Frax has also introduced sfrxETH, a token that represents a deposit receipt in an ERC-4626 vault receiving all profits from Frax’s Ethereum validators. A notable aspect of this design is that depositors do not automatically receive staking rewards. Instead, they must actively choose between sharing in the protocol's staking rewards through the sfrxETH vault, or trying to earn a higher return on their frxETH elsewhere, such as on Curve.
Frax's Unique Two-Step Staking Process
- Minting frxETH: Users deposit ETH into the Frax protocol to mint frxETH (Frax ETH). All the ETH exchanged for frxETH is staked by Frax. frxETH, however, does not accrue staking rewards like other liquid staking tokens (LSTs) such as Lido’s stETH or Rocket Pool’s rETH. Instead, it is pegged by Frax at a 1:1 redemption rate with ETH.
- Choice Between sfrxETH or Curve: From this point, frxETH holders have two options:
- They can deposit their frxETH into an ERC-4626 vault and mint sfrxETH, an LST that does accrue staking rewards.
- Or, they can deposit their frxETH into the frxETH/ETH liquidity pool on Curve to earn rewards paid out in CRV, CVX, and FXS tokens.
Because frxETH holders have these two competitive options to earn significant rewards, the staking rewards earned by Frax are divided among fewer users, resulting in a higher rate of rewards for sfrxETH holders compared to other LSTs.
Earning Higher APR With Frax
sfrxETH yields ~6.5% a year, higher than wstETH (Lido) at 5% and Rocket Pool at 4.4%. This higher yield is because frxETH does not need to be staked in the validator nodes, and all the yield from all the frxETH that are not staked is given to sfrxETH. Therefore, the less frxETH is staked, the higher the APR for sfrxETH.
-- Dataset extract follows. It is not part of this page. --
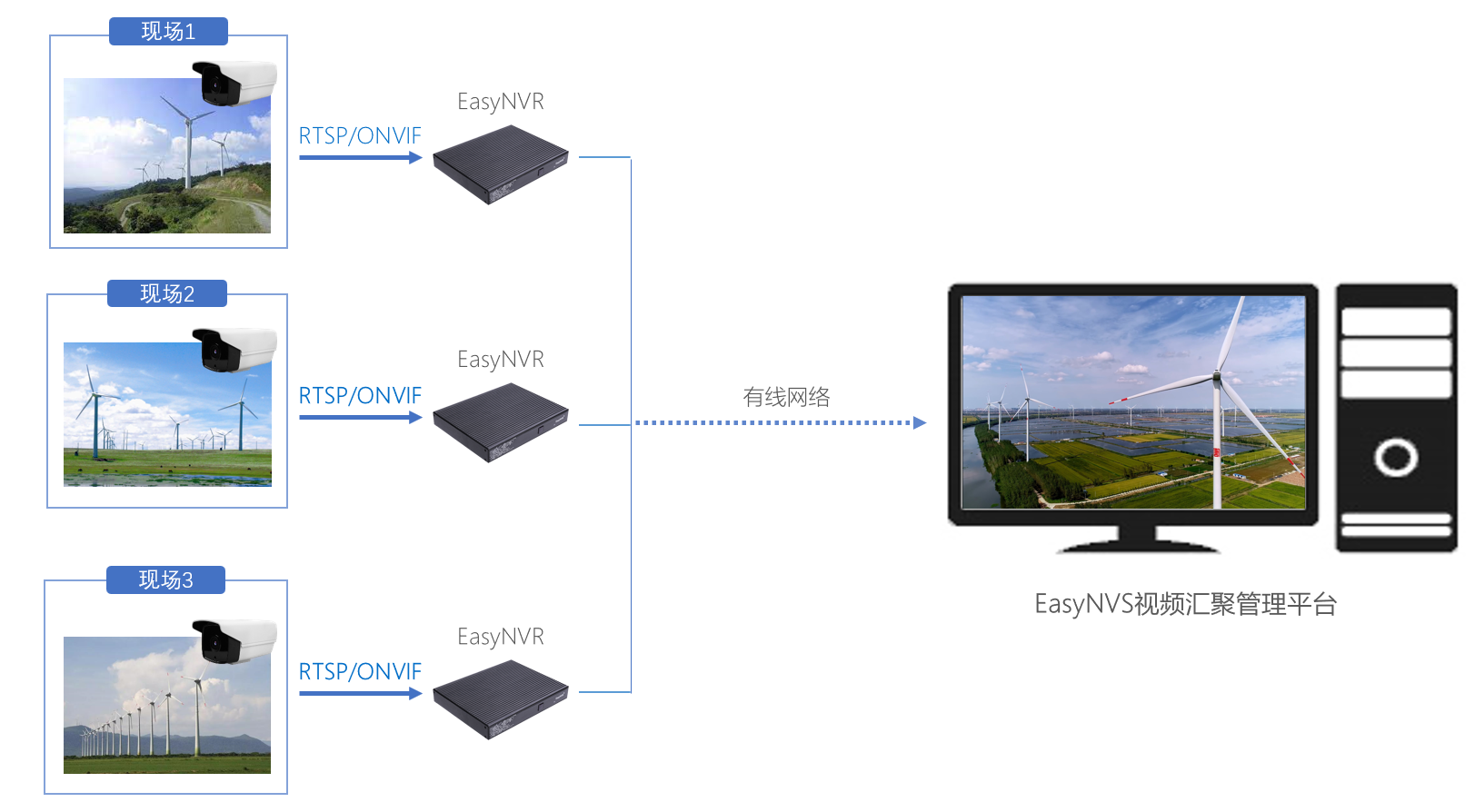 依托EasyNVR+EasyNVS平台的视频监控与运维管理能力,实现对多个风电场的全方位、实时远程视频监控,随时掌握风电场设备运行、安全防范等实时情况,并可同时对多个现场进行实时录像,以便进行事故预防与分析,为风电场内各设施的安全运行提供保障手段,打造风电场“无人值班、少人值守”的高效运营模式。

Frax is a significant holder of Convex Finance’s CVX token, giving it considerable influence over Curve's gauge system and the ability to earn a higher yield on Convex Finance by voting for more incentives to be directed to their frxETH LP tokens. Frax can direct CRV and CVX rewards to its frxETH / ETH Curve pool, providing an alternative for frxETH holders who decide to forgo staking in the sfrxETH vault. This option benefits sfrxETH holders as it increases their share of the protocol's total ETH staking rewards.
Holders of frxETH have two options:
- Mint sfrxETH to earn ETH staking rewards: By depositing frxETH into an ERC-4626 vault, users can mint sfrxETH and start accruing staking rewards. This process is comparable to traditional ETH staking in terms of yield generation.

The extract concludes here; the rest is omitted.